*** RECORDS TO USE
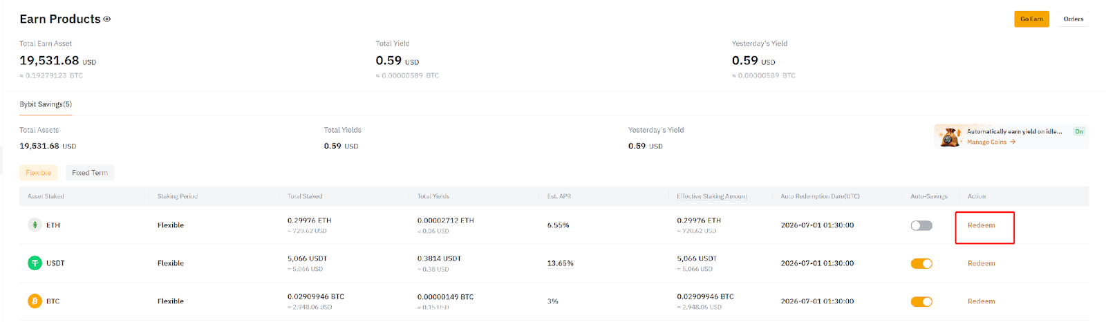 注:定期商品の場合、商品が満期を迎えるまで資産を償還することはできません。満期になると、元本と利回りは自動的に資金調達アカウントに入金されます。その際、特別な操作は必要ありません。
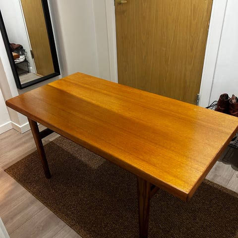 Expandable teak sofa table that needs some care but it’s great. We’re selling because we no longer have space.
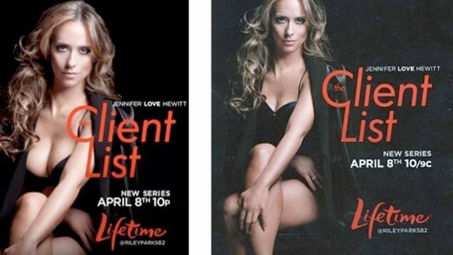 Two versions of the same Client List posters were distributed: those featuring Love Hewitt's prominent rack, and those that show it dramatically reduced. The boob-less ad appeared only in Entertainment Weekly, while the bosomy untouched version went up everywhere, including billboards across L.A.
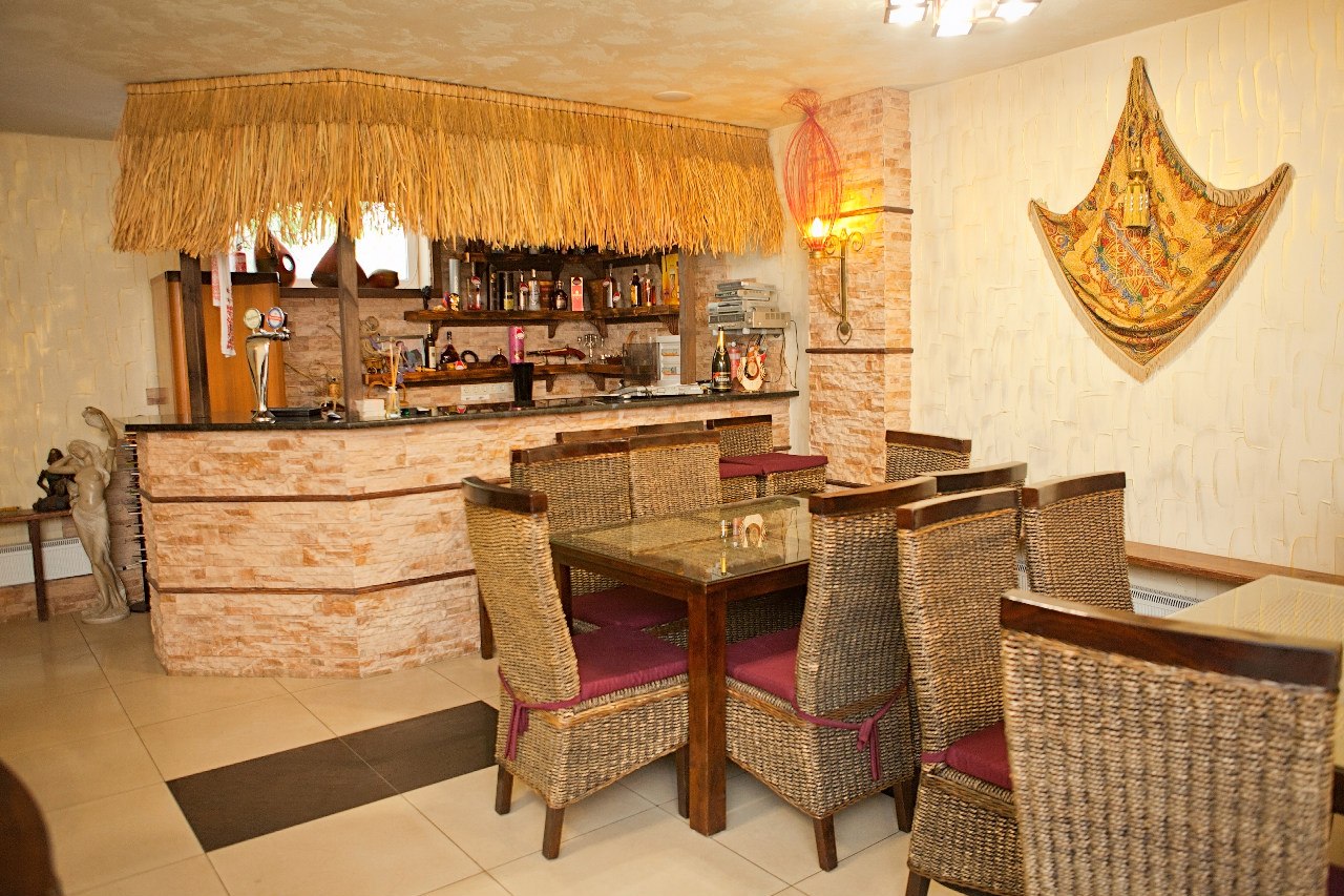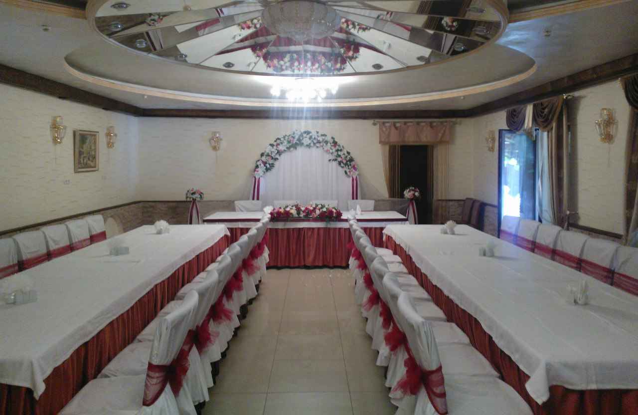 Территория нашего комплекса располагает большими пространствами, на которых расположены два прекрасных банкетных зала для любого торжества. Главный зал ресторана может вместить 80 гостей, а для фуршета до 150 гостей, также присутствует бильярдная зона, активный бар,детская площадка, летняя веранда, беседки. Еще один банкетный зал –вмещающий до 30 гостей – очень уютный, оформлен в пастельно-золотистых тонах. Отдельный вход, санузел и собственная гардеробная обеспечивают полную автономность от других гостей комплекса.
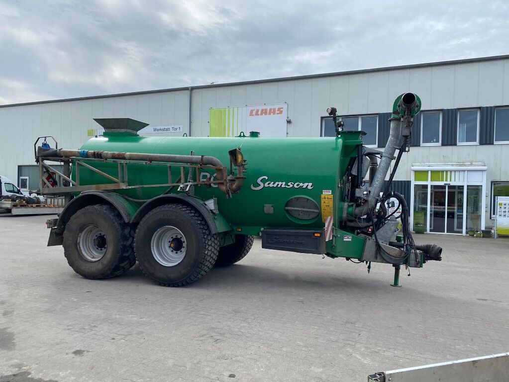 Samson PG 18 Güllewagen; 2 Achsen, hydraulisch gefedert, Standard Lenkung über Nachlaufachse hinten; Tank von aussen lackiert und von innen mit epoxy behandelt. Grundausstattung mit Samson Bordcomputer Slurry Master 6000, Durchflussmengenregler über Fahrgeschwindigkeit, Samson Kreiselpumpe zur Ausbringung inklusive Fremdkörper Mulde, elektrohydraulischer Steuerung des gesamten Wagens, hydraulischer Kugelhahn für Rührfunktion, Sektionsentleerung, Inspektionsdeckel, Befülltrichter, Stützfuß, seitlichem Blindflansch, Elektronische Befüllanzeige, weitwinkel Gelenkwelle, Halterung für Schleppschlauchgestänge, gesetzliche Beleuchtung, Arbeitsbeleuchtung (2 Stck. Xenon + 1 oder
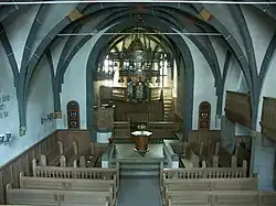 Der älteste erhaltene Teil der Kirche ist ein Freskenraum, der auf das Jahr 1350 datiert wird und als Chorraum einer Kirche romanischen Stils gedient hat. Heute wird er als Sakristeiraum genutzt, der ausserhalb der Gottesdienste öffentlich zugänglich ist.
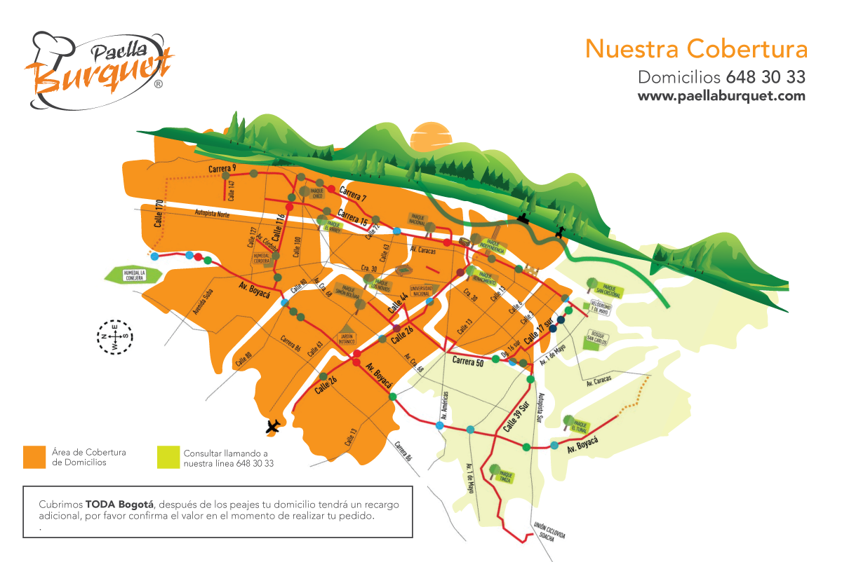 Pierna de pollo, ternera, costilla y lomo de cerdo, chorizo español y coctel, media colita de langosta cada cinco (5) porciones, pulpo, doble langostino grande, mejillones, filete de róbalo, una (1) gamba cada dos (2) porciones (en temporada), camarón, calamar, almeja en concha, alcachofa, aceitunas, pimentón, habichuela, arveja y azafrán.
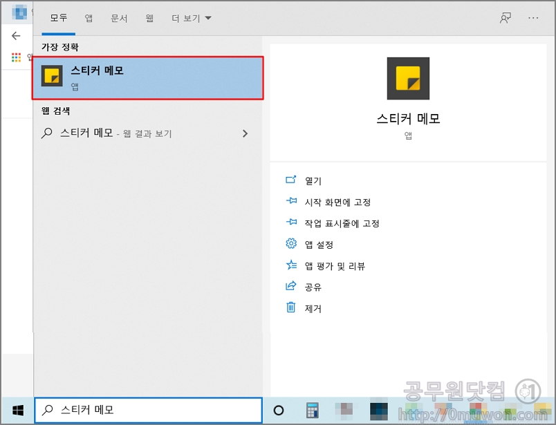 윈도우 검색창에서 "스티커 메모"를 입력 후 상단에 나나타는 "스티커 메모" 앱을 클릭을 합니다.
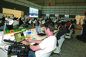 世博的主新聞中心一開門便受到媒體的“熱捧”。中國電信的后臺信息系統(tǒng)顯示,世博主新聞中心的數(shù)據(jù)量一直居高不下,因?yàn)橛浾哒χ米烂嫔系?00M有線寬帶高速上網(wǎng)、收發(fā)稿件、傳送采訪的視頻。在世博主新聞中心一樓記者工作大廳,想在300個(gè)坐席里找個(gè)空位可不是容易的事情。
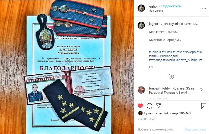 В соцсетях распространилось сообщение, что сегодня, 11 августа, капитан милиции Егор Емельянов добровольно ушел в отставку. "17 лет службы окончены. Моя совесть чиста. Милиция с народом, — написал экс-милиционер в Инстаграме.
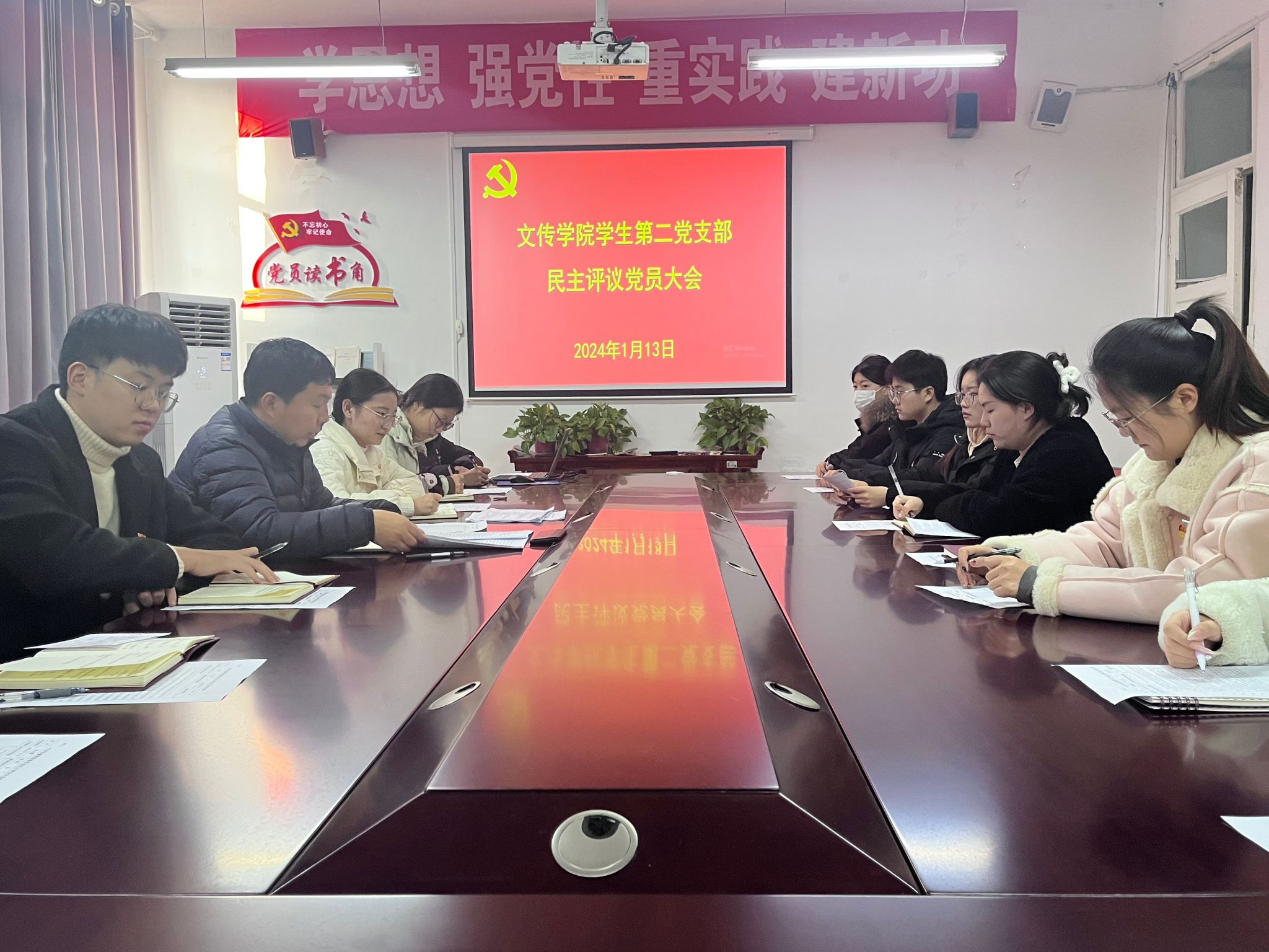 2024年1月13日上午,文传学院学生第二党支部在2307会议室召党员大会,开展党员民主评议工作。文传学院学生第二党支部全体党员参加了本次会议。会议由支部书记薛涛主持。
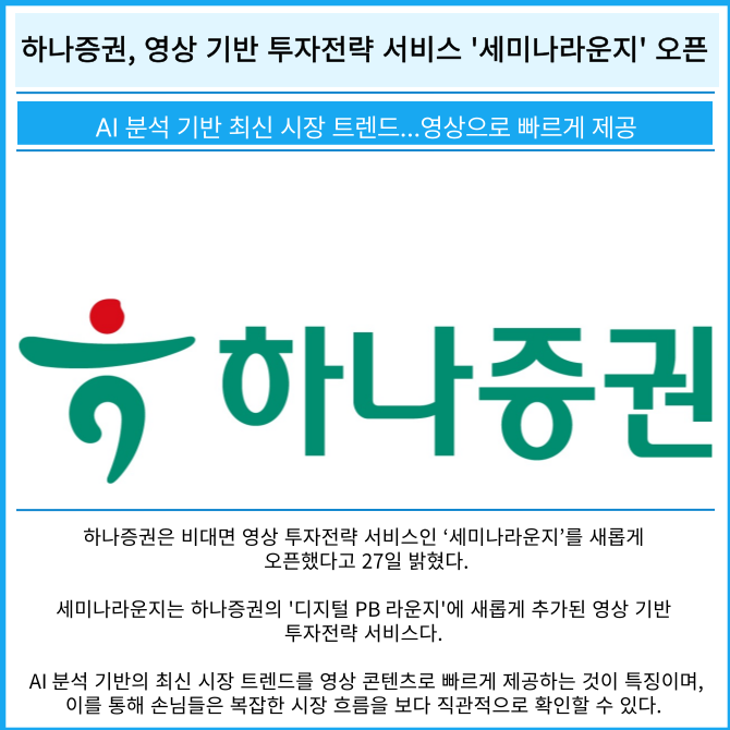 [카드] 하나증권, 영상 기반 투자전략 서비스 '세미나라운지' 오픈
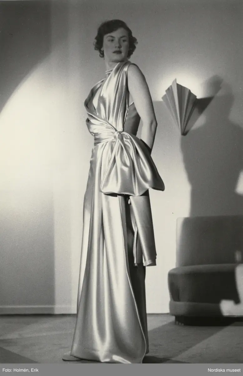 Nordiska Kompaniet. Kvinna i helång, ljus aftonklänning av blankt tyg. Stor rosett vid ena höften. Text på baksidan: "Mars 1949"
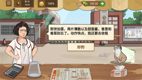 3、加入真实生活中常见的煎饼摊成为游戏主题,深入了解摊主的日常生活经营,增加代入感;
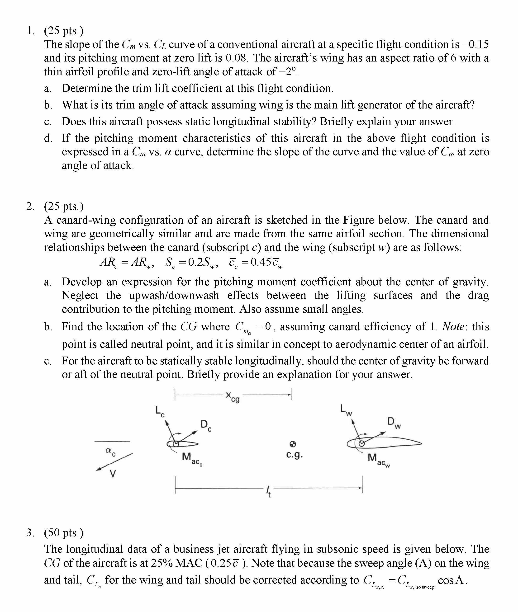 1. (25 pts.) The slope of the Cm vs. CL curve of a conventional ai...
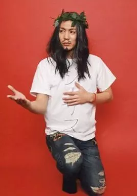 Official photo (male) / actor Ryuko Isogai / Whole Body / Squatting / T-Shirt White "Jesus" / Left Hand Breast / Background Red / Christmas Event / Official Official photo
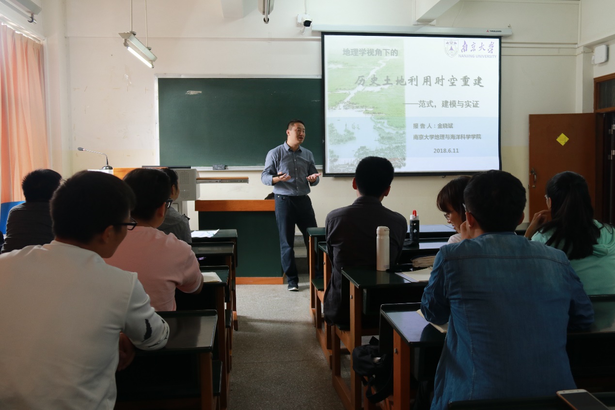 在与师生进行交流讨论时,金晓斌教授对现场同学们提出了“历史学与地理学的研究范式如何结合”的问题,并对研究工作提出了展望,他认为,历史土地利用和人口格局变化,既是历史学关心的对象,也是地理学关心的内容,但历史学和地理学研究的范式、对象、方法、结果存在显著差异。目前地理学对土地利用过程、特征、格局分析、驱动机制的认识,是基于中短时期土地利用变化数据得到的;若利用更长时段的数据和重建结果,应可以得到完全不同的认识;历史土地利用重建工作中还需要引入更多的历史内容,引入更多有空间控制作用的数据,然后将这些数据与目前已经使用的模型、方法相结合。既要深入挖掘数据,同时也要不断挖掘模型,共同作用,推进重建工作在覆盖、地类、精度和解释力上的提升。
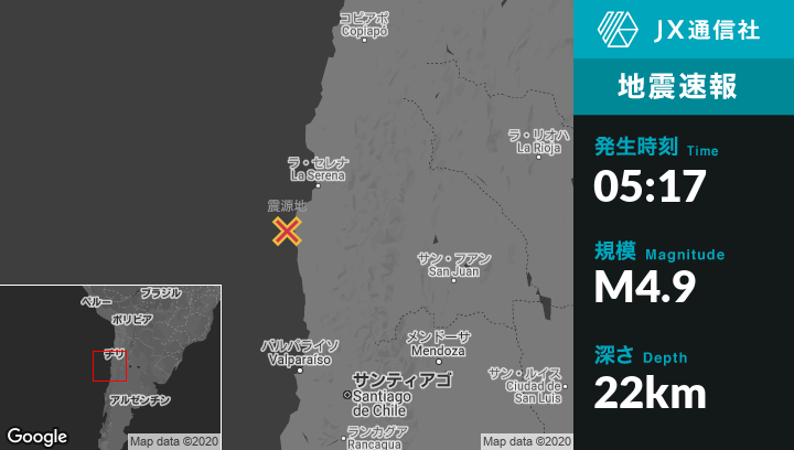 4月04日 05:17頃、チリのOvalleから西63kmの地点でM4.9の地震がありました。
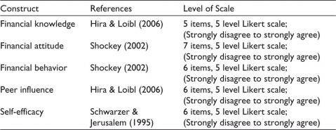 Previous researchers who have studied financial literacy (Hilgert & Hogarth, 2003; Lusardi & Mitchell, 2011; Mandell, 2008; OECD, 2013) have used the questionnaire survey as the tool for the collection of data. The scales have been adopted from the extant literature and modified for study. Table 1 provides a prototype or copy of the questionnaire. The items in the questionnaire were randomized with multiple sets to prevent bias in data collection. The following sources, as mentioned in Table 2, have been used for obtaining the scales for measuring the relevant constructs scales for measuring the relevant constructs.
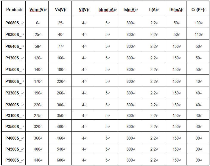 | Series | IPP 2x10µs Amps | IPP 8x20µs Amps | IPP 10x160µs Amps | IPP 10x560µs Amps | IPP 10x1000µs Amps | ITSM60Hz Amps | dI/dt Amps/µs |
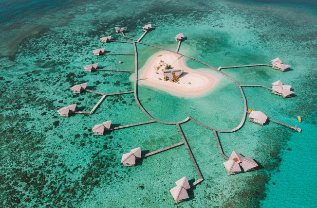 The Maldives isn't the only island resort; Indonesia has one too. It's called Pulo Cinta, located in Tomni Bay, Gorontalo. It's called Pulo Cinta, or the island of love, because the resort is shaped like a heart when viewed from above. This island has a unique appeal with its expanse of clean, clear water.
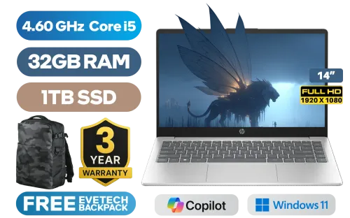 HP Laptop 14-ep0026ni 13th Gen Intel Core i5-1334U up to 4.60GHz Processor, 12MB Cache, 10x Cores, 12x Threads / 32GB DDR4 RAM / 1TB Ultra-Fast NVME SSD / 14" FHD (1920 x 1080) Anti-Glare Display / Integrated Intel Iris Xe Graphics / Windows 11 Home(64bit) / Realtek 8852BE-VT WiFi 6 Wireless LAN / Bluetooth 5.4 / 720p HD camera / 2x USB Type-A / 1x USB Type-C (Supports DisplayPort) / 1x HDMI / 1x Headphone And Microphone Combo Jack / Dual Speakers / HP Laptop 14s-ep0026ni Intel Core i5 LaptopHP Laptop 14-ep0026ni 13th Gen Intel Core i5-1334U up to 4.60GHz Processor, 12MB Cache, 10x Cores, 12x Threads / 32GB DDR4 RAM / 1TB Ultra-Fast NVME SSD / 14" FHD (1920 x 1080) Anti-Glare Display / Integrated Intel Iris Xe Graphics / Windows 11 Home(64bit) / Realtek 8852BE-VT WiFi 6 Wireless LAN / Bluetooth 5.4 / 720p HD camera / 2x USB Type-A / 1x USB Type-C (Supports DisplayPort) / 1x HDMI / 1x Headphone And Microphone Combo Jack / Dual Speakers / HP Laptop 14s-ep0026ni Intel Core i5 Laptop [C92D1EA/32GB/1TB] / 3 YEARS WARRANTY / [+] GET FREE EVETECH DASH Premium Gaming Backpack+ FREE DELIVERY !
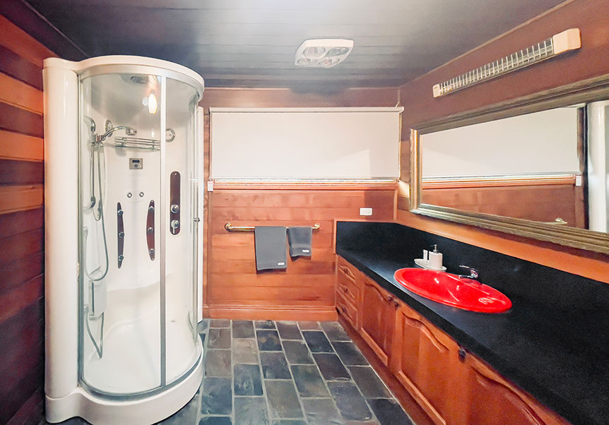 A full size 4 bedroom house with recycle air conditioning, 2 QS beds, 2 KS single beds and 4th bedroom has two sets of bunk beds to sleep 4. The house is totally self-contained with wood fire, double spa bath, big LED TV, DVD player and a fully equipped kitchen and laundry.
******
## ABOUT THIS TASK
Transcribe the lines above exactly, beginning at the one with "Expandable teak sofa" and ending at the one with "Two versions of". Include both; exclude the pictures.

## FINISHED TASK
 Expandable teak sofa table that needs some care but it’s great. We’re selling because we no longer have space.
 Two versions of the same Client List posters were distributed: those featuring Love Hewitt's prominent rack, and those that show it dramatically reduced. The boob-less ad appeared only in Entertainment Weekly, while the bosomy untouched version went up everywhere, including billboards across L.A.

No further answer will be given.